182
votes

I've just started using R and I'm not sure how to incorporate my dataset with the following sample code:

sample(x, size, replace = FALSE, prob = NULL)

I have a dataset that I need to put into a training (75%) and testing (25%) set. I'm not sure what information I'm supposed to put into the x and size? Is x the dataset file, and size how many samples I have?

26
x can be the index (row/col nos. say) of your data. size can be 0.75*nrow(data). Try sample(1:10, 4, replace = FALSE, prob = NULL) to see what it does.harkmug

26 Answers

285
votes

There are numerous approaches to achieve data partitioning. For a more complete approach take a look at the createDataPartition function in the caTools package.

Here is a simple example:

data(mtcars)

## 75% of the sample size
smp_size <- floor(0.75 * nrow(mtcars))

## set the seed to make your partition reproducible
set.seed(123)
train_ind <- sample(seq_len(nrow(mtcars)), size = smp_size)

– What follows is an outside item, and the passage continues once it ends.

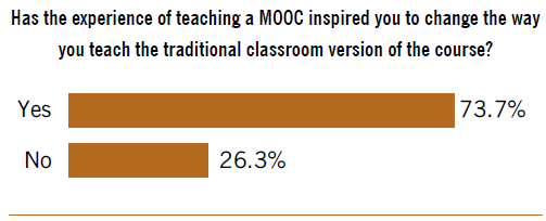 Há muitos fatores de motivação para investir em pesquisa, reflexão e criação conceitual em torno das práticas educacionais mediadas por tecnologias, incluindo nessas os MOOC, especialmente ao movimento recente dos REA. Um desses fatores é que os professores que desenvolvem experiência com docência online continuam se sentindo aptos a criar e disponibilizar conteúdos para que mais pessoas tenham acesso ao conhecimento. Do mesmo modo, indicam (figura 5) que as aprendizagens trouxeram desenvolvimento profissional que inspira inovação em práticas na modalidade de classes mais tradicionais como a presencial, por exemplo.

train <- mtcars[train_ind, ]
test <- mtcars[-train_ind, ]
106
votes

It can be easily done by:

set.seed(101) # Set Seed so that same sample can be reproduced in future also
# Now Selecting 75% of data as sample from total 'n' rows of the data  
sample <- sample.int(n = nrow(data), size = floor(.75*nrow(data)), replace = F)
train <- data[sample, ]
test  <- data[-sample, ]

By using caTools package:

require(caTools)
set.seed(101) 
sample = sample.split(data$anycolumn, SplitRatio = .75)
train = subset(data, sample == TRUE)
test  = subset(data, sample == FALSE)
37
votes

I would use dplyr for this, makes it super simple. It does require an id variable in your data set, which is a good idea anyway, not only for creating sets but also for traceability during your project. Add it if doesn't contain already.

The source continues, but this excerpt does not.